REQUIRED WORK ->
In the records below, the line with "La carcasa cuenta" opens the range and the line with "Mesh Imported ONE" closes it; print that range exactly and nothing else.

THE INPUT ->
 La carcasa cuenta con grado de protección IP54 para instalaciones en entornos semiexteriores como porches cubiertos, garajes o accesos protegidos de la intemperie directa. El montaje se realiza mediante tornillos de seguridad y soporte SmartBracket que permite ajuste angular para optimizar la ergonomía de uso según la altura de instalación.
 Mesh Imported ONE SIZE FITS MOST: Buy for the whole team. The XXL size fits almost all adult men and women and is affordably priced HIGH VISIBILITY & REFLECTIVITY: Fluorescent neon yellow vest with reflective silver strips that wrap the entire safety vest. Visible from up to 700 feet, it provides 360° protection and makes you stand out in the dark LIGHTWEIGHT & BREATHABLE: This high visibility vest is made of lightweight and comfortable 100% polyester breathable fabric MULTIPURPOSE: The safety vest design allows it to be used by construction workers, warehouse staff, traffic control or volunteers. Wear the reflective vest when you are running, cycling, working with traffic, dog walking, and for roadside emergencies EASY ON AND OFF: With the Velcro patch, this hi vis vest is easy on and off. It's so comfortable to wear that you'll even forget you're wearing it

...

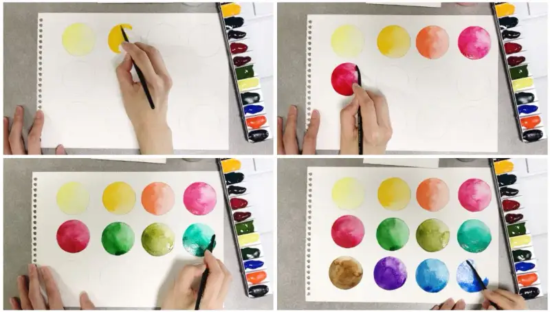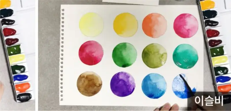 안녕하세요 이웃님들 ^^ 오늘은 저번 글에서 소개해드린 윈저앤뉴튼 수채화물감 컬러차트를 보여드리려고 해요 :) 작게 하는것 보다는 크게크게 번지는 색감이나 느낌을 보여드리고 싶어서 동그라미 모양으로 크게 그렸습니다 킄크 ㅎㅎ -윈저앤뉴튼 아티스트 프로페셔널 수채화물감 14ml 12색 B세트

EXERCISE SOLUTION ->
 La carcasa cuenta con grado de protección IP54 para instalaciones en entornos semiexteriores como porches cubiertos, garajes o accesos protegidos de la intemperie directa. El montaje se realiza mediante tornillos de seguridad y soporte SmartBracket que permite ajuste angular para optimizar la ergonomía de uso según la altura de instalación.
 Mesh Imported ONE SIZE FITS MOST: Buy for the whole team. The XXL size fits almost all adult men and women and is affordably priced HIGH VISIBILITY & REFLECTIVITY: Fluorescent neon yellow vest with reflective silver strips that wrap the entire safety vest. Visible from up to 700 feet, it provides 360° protection and makes you stand out in the dark LIGHTWEIGHT & BREATHABLE: This high visibility vest is made of lightweight and comfortable 100% polyester breathable fabric MULTIPURPOSE: The safety vest design allows it to be used by construction workers, warehouse staff, traffic control or volunteers. Wear the reflective vest when you are running, cycling, working with traffic, dog walking, and for roadside emergencies EASY ON AND OFF: With the Velcro patch, this hi vis vest is easy on and off. It's so comfortable to wear that you'll even forget you're wearing it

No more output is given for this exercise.